The dataset has been pre-processed by resizing the images to meet the deep learning model’s requirements, such as 75 × 75 size, and applying grayscale. The pre-processed data was then partitioned at random for distribution to N clients, each of which had their own pre-processed data to use as training and evaluation for federated learning at their end. The data distribution was done to simulate a situation in which each client had a portion of a dataset.

3.3. Feature Extraction

The process of changing raw data into a set of significant characteristics that can be used for evaluation or machine learning tasks is referred to as feature extraction. Feature extraction is a technique used in many fields, including artificial intelligence, natural language processing, and signal processing, to identify significant patterns, characteristics, or representations in input data. This process helps to simplify and enhance the subsequent analysis or modelling tasks. The feature extraction process plays a crucial role in deep learning networks, which consist of pooling and convolutional layers. These layers are designed to extract image features that are useful for tasks such as target identification and positioning [34]. Deep features were obtained by extracting information from the fully connected layer, and these features were then utilized as input for the training process of the classifier.
Different configurations can be experimented with to enhance the performance of models in rice leaf disease detection, such as incorporating layers, modifying the learning rate, or altering the amount of neurons per layer, also accelerate this process by using pre-trained models [35]. These models offer significant time and computational resource savings.
In this research, 13 pre-trained models were utilized to extract features.
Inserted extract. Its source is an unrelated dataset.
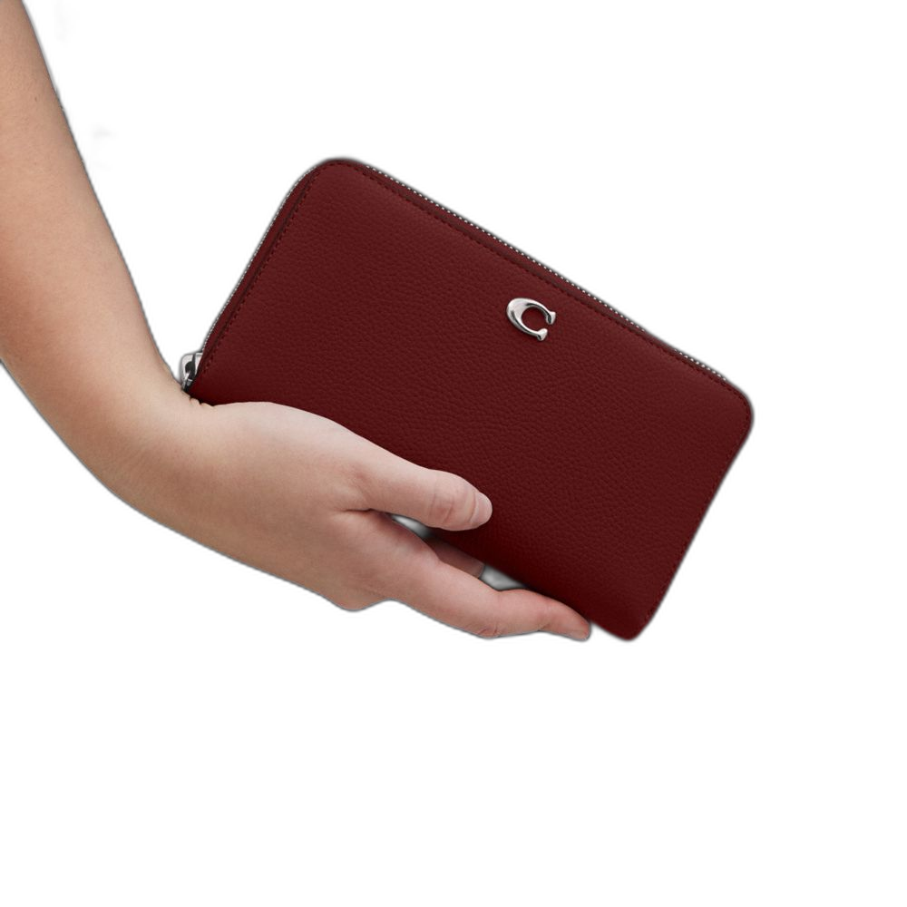 Coach Women's Essential Accordion Zip Wallet Silver/Dark Ruby

These models, such as VGG, ResNet, and Inception, have been trained on large datasets such as ImageNet and have learned to extract useful features from images. These extracted features serve as inputs for subsequent processes such as object recognition, segmentation, and classification, enabling the accurate identification of rice leaf diseases. By modifying each segment for the feature extraction process, the accuracy of these features can be enhanced even with limited data. This method significantly accelerates training and improves accuracy by utilising specific model architectures with various layers, such as reshape, flatten, dense, dropout, and activation functions [23]. Table 3 provides details of the feature extractors, including their size, parameters, depth, input shape, and feature layer.

3.4. IID and Non-IID Data

In FL, IID and non-IID data refer to different distribution patterns of data across the participating devices or clients.
In IID data each client or device in the federated learning setup possesses a similar distribution of data. The data across clients is independent and follows the same statistical distribution. For example, if the task is image classification, IID data would mean that each client has a similar proportion of images from different classes [15]. On the other hand, non-IID means the distribution of data across clients is not identical or independent. The data may have different statistical properties, such as varying class distributions, different feature representations, or imbalanced data [36]. For example, in image classification, each client may have a different set of classes or an imbalanced distribution of classes.
Figure 3 represents how the IID and non-IID data sets are distributed among different famers’ sites. The IID data set is equally distributed, and the non-IID data set is distributed randomly among different farmers’ sites.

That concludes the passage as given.